**Your assignment**: The finished copy must match the records exactly, except that it contains no pictures.

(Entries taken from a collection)

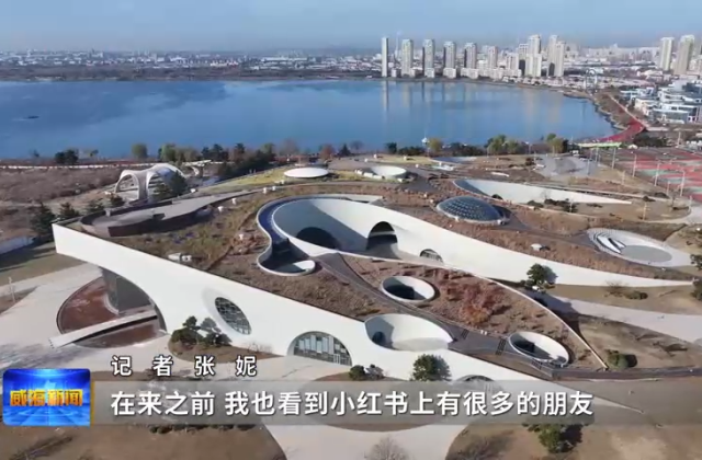 记者张妮:朋友们,这就是我们此行的第一个惊喜——荣成市少年宫。那为什么会选择这里?一方面,它是离荣成站比较近,另一方面,这座建筑本身就是一个巨大的艺术品,也是拍照打卡的绝佳地。在来之前,有很多的朋友,他们也在这里拍出了自己的“人生照片”和极简大片,那接下来,咱们也来看看这里是否出片吧!出发。
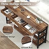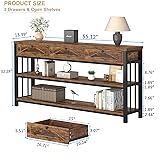 HSH Entryway Table with 3 Drawers, 55” Rustic Sofa Table with Storage Shelves, 3 Tier Console Table Behind Couch for Living Room, Farmhouse Wood Metal Entry Hallway Table for Entrance, Brown, 55 inch
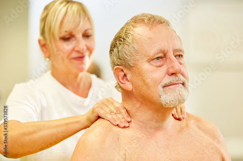 Senior Mann mit blauem Kinesio Tape an der Schulter
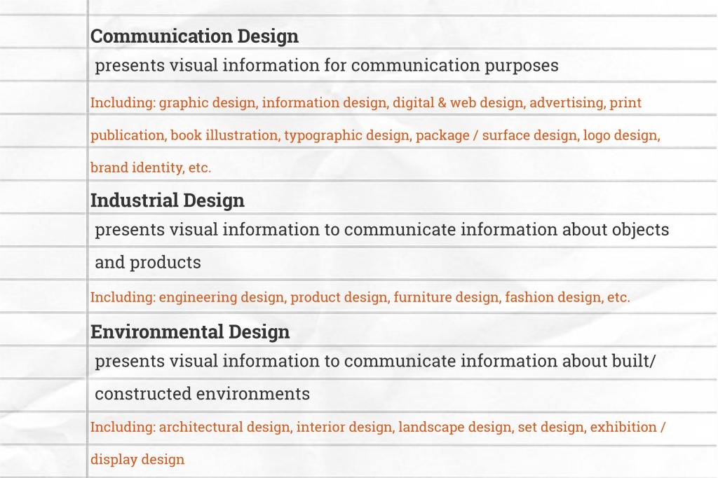 There are three categories of design, and you will need to decide what your presentations will focus on based on these categories. You can choose two distinctive presentations from one of three categories, but most of students choose two categories (e.g. communication design and environmental design).
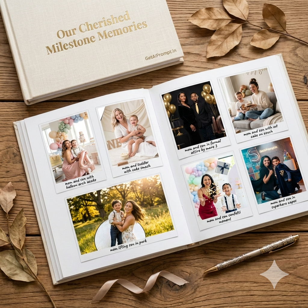 These prompt templates are designed for parents who want magazine quality memories without the traditional studio hassle. They are perfect for mothers planning a first birthday celebration, a toddler milestone, or a teenage son portrait.
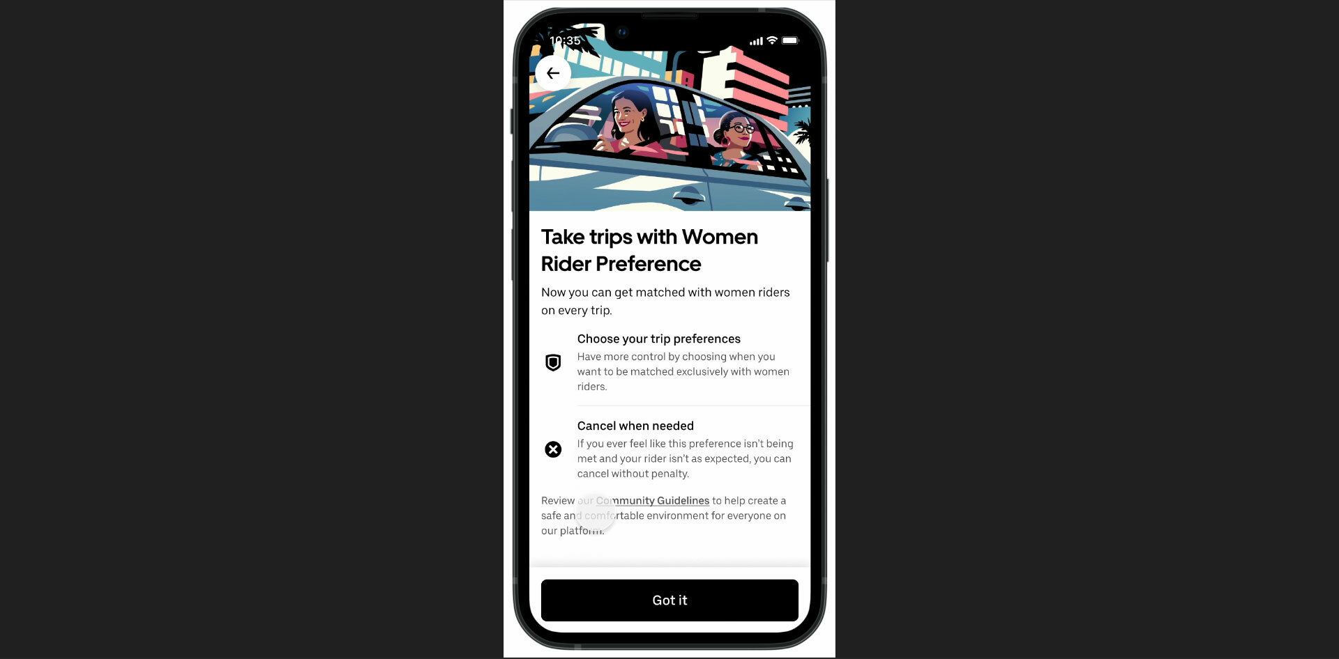 Users will also be able to set a preference for a woman driver in the settings menu. As the company explained, “While it’s not guaranteed, turning on the Women preference increases your chances of being matched with a woman driver.”
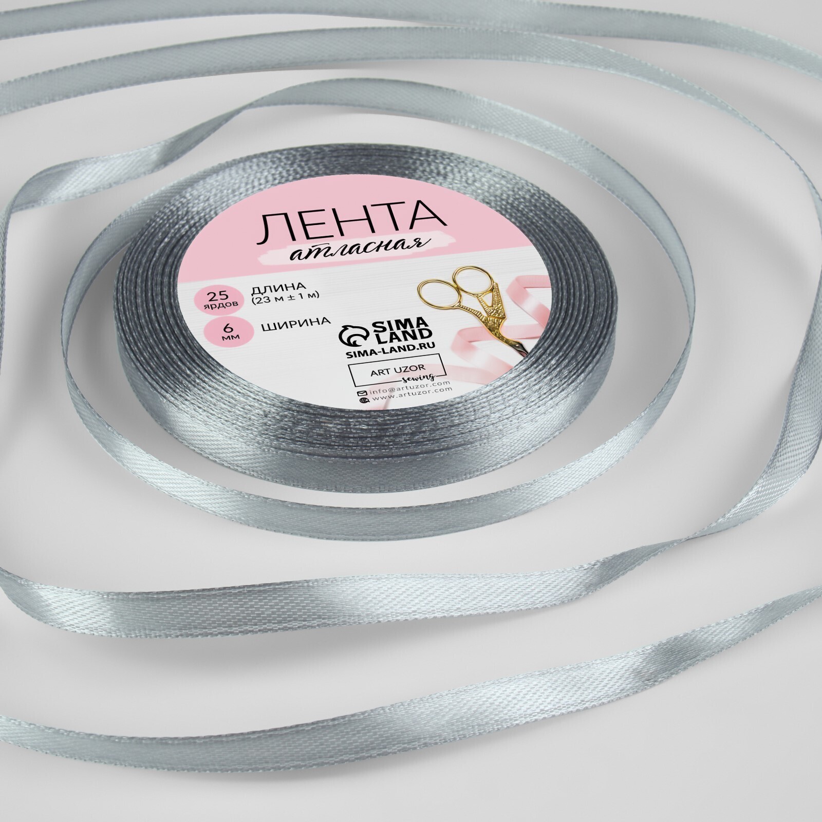 Лента атласная, 6 мм × 23 ± 1 м, цвет пепельный №59
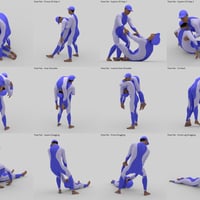 Carrying Him Pose Pairs for Genesis 9 is a pose set of a male figure carrying or dragging another male figure. All poses have been made with attention to detail, like hand posing and natural look. The set includes facial expressions and the mirror versions of all pose pairs.
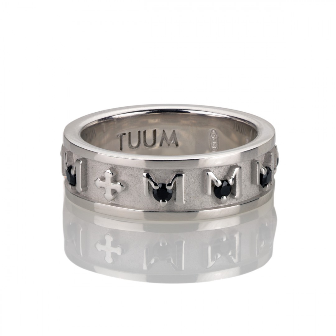 Anello TUAM in argento 925 rodiato con preghiera dell'Ave Maria in lingua latina e diamanti neri.
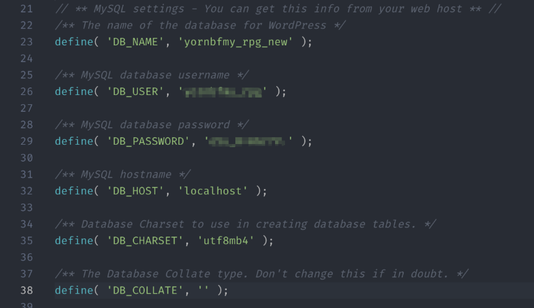 然后导航到站点的文件,并更新wp-config.php以使用我希望它使用的服务器。
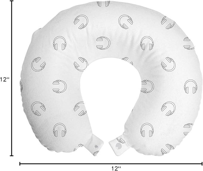 Ambesonne Music Travel Pillow Neck Rest, Headphones Illustration Modern Audio Melody Earphones Sound Stereo Theme Drawing, Memory Foam Traveling Accessory for Airplane and Car, 12", Grey White
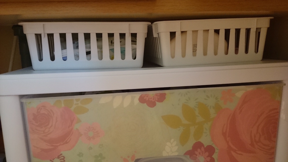 I put two baskets atop the drawers for baby wipes and extra toiletries.
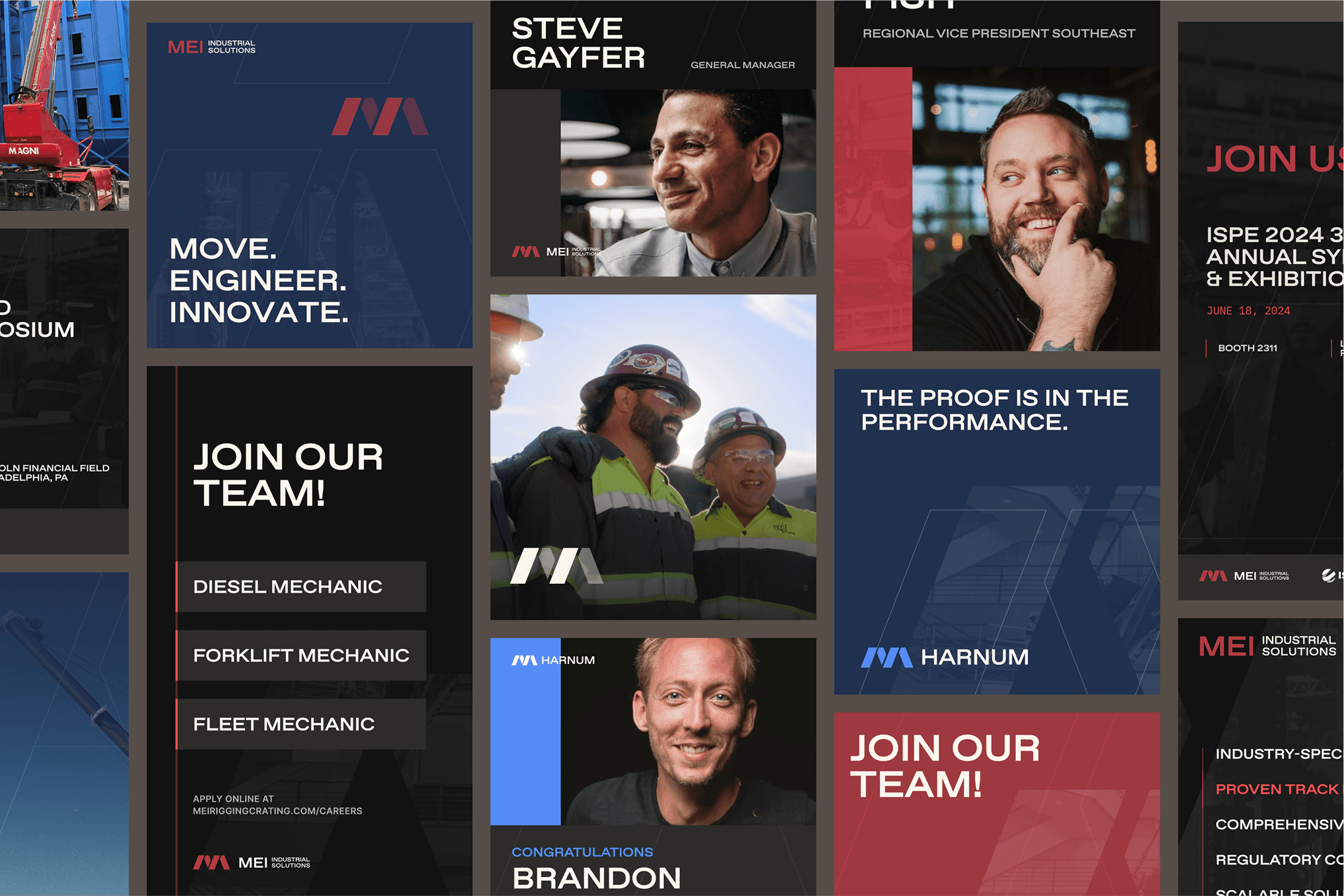 MEI Industrial Solutions moves entire industries forward—literally. With over 1,700 employees across 25 locations, they're quietly building a billion-dollar industrial empire that keeps America's infrastructure running. But their brand was still carrying the business card of a regional rigging company, not the industrial powerhouse they'd become.
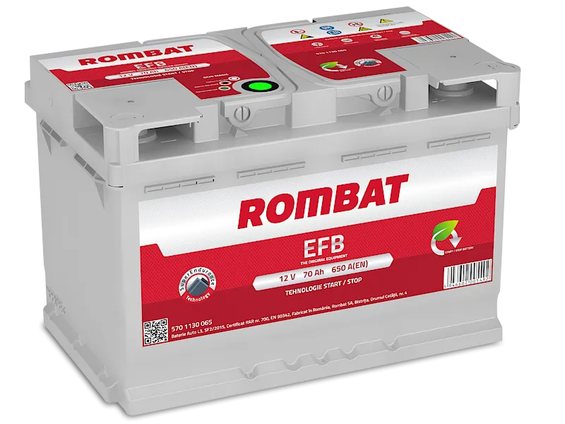 Rombat EFB 70 Ач, пусковой ток 650 А, производства Румыния. Габаритные размеры аккумуляторной батареи составляют 278х175х190 мм по длине, ширине и высоте соответственно. Величина пускового тока 650 А согласно европейскому стандарту, ёмкость батареи составляет 70 Ач, тип токовывода - стандартные клеммы.
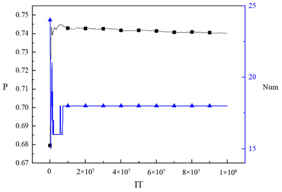 Figure 2 shows the relationship between the evolution probability and the number of heat units. As shown in Figure 2, in the early stages of evolution, the number of heat exchangers fluctuates significantly, and the probability of the selected streams varies. In the later stages of evolution, the number of heat exchangers is basically constant. At this time, the probability that each stream is not selected is fixed at about 0.74. For instance, in the case study considering 13 hot and 7 cold streams, in the later stages of evolution, approximately only three streams out of the 13 hot streams can be selected for evolution, while the remaining streams do not participate in the current iteration. Therefore, this iteration has no significance for a stream that has no heat exchanger selected for the current evolution. This approach requires a large number of iterations to ensure that each stream evolves once, which reduces the evolutionary efficiency. In view of this limitation, this study adopts a participatory evolutionary strategy for streams based on hot streams. The proposed strategy takes adequate measures to ensure that at least one heat exchanger on each stream is selected to participate in the evolution in a certain period. The proposed strategy ensures that each stream has a sufficiently high opportunity to participate in the evolution and improves the evolutionary efficiency of the algorithm.
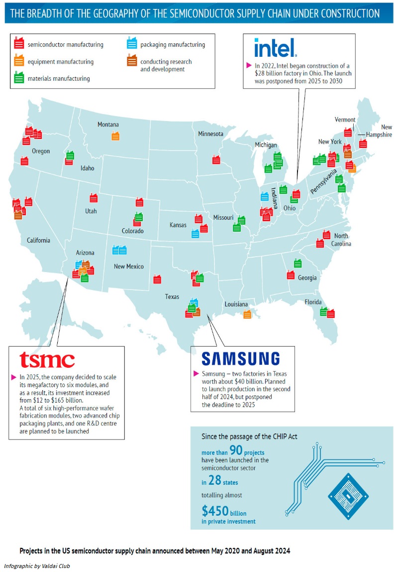 During Donald Trump’s first presidential term, the decision was made to attract leading chip manufacturers—most notably Taiwan Semiconductor Manufacturing Company (TSMC), the world’s largest contract chipmaker—to set up operations in the United States. This initiative proved successful: in 2020, TSMC agreed to invest $12 billion to build a chip fabrication plant in Arizona (Fab 21).
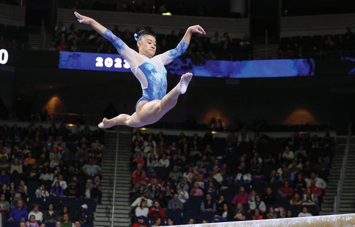 Trinity Thomas reached familiar heights and earned the title of allaround Southeastern Conference champion. Her performance helped the Gators clinch the 2023 SEC Championship.
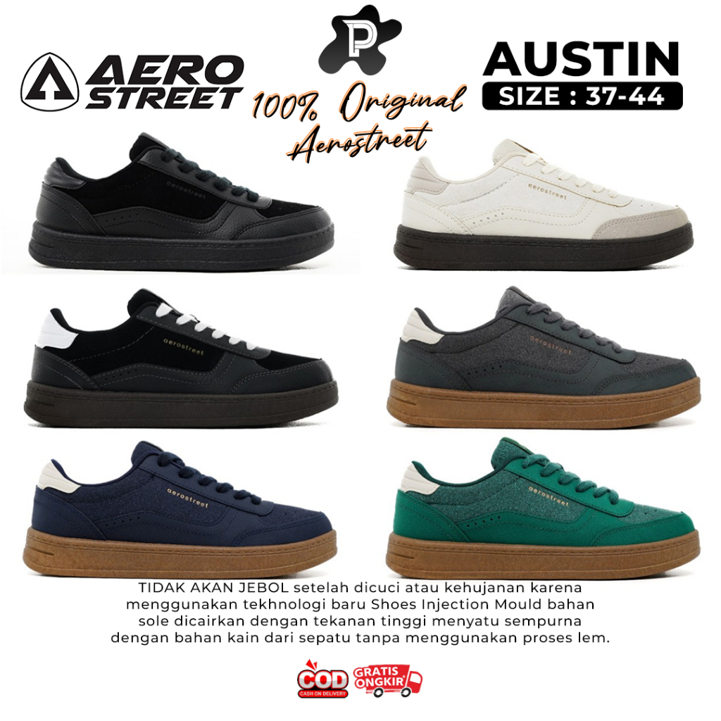 Aerostreet 37-44 Austin All Black / Coklat Tua Hitam / Coklat Tua Natural / Coklat Gum Biru Tua / Coklat Gum Abu Tua / Coklat Gum Hijau Tua - Sepatu Sneakers Casual Sport Pria Wanita Aero Street
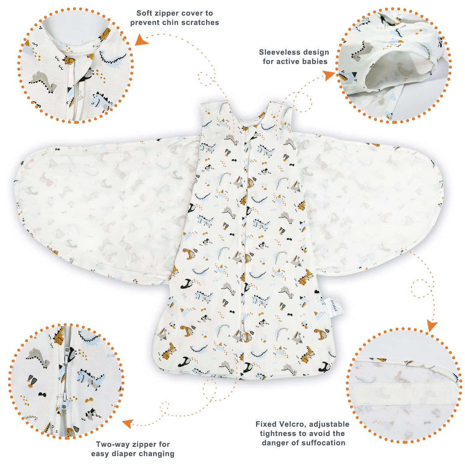 Swaddle-Blanket Baby Girl & Boy Swaddles Newborn Infant Transition 100% Cotton Wrap Blankets, 3-Way Adjustable Wearable Blanket, TOG 1.0 (Dinosaur, 3-6 Month)
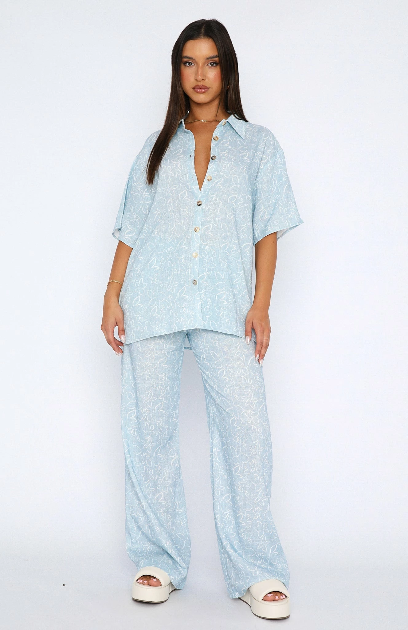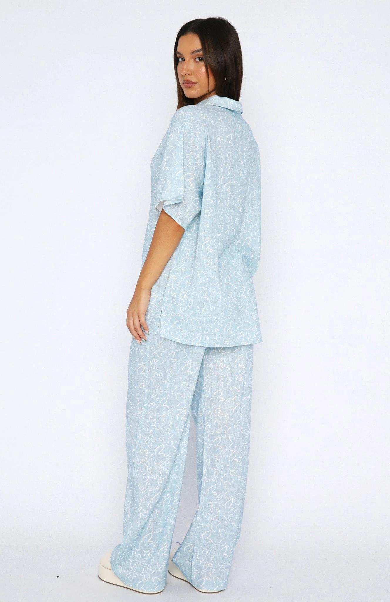 Add a fun print to your wardrobe with the Need A Recap Pants in Soft Blue Floral Sketch. Featuring elasticated waistband with drawstring, side pockets, wide leg fit and linen-feel fabric. We love this paired with the matching One More Chance Shirt and platform slides for a look that will have heads turning!

**Task result**:
 记者张妮:朋友们,这就是我们此行的第一个惊喜——荣成市少年宫。那为什么会选择这里?一方面,它是离荣成站比较近,另一方面,这座建筑本身就是一个巨大的艺术品,也是拍照打卡的绝佳地。在来之前,有很多的朋友,他们也在这里拍出了自己的“人生照片”和极简大片,那接下来,咱们也来看看这里是否出片吧!出发。
 HSH Entryway Table with 3 Drawers, 55” Rustic Sofa Table with Storage Shelves, 3 Tier Console Table Behind Couch for Living Room, Farmhouse Wood Metal Entry Hallway Table for Entrance, Brown, 55 inch
 Senior Mann mit blauem Kinesio Tape an der Schulter
 There are three categories of design, and you will need to decide what your presentations will focus on based on these categories. You can choose two distinctive presentations from one of three categories, but most of students choose two categories (e.g. communication design and environmental design).
 These prompt templates are designed for parents who want magazine quality memories without the traditional studio hassle. They are perfect for mothers planning a first birthday celebration, a toddler milestone, or a teenage son portrait.
 Users will also be able to set a preference for a woman driver in the settings menu. As the company explained, “While it’s not guaranteed, turning on the Women preference increases your chances of being matched with a woman driver.”
 Лента атласная, 6 мм × 23 ± 1 м, цвет пепельный №59
 Carrying Him Pose Pairs for Genesis 9 is a pose set of a male figure carrying or dragging another male figure. All poses have been made with attention to detail, like hand posing and natural look. The set includes facial expressions and the mirror versions of all pose pairs.
 Anello TUAM in argento 925 rodiato con preghiera dell'Ave Maria in lingua latina e diamanti neri.
 然后导航到站点的文件,并更新wp-config.php以使用我希望它使用的服务器。
 Ambesonne Music Travel Pillow Neck Rest, Headphones Illustration Modern Audio Melody Earphones Sound Stereo Theme Drawing, Memory Foam Traveling Accessory for Airplane and Car, 12", Grey White
 I put two baskets atop the drawers for baby wipes and extra toiletries.
 MEI Industrial Solutions moves entire industries forward—literally. With over 1,700 employees across 25 locations, they're quietly building a billion-dollar industrial empire that keeps America's infrastructure running. But their brand was still carrying the business card of a regional rigging company, not the industrial powerhouse they'd become.
 Rombat EFB 70 Ач, пусковой ток 650 А, производства Румыния. Габаритные размеры аккумуляторной батареи составляют 278х175х190 мм по длине, ширине и высоте соответственно. Величина пускового тока 650 А согласно европейскому стандарту, ёмкость батареи составляет 70 Ач, тип токовывода - стандартные клеммы.
 Figure 2 shows the relationship between the evolution probability and the number of heat units. As shown in Figure 2, in the early stages of evolution, the number of heat exchangers fluctuates significantly, and the probability of the selected streams varies. In the later stages of evolution, the number of heat exchangers is basically constant. At this time, the probability that each stream is not selected is fixed at about 0.74. For instance, in the case study considering 13 hot and 7 cold streams, in the later stages of evolution, approximately only three streams out of the 13 hot streams can be selected for evolution, while the remaining streams do not participate in the current iteration. Therefore, this iteration has no significance for a stream that has no heat exchanger selected for the current evolution. This approach requires a large number of iterations to ensure that each stream evolves once, which reduces the evolutionary efficiency. In view of this limitation, this study adopts a participatory evolutionary strategy for streams based on hot streams. The proposed strategy takes adequate measures to ensure that at least one heat exchanger on each stream is selected to participate in the evolution in a certain period. The proposed strategy ensures that each stream has a sufficiently high opportunity to participate in the evolution and improves the evolutionary efficiency of the algorithm.
 During Donald Trump’s first presidential term, the decision was made to attract leading chip manufacturers—most notably Taiwan Semiconductor Manufacturing Company (TSMC), the world’s largest contract chipmaker—to set up operations in the United States. This initiative proved successful: in 2020, TSMC agreed to invest $12 billion to build a chip fabrication plant in Arizona (Fab 21).
 Trinity Thomas reached familiar heights and earned the title of allaround Southeastern Conference champion. Her performance helped the Gators clinch the 2023 SEC Championship.
 Aerostreet 37-44 Austin All Black / Coklat Tua Hitam / Coklat Tua Natural / Coklat Gum Biru Tua / Coklat Gum Abu Tua / Coklat Gum Hijau Tua - Sepatu Sneakers Casual Sport Pria Wanita Aero Street
 Swaddle-Blanket Baby Girl & Boy Swaddles Newborn Infant Transition 100% Cotton Wrap Blankets, 3-Way Adjustable Wearable Blanket, TOG 1.0 (Dinosaur, 3-6 Month)
 Add a fun print to your wardrobe with the Need A Recap Pants in Soft Blue Floral Sketch. Featuring elasticated waistband with drawstring, side pockets, wide leg fit and linen-feel fabric. We love this paired with the matching One More Chance Shirt and platform slides for a look that will have heads turning!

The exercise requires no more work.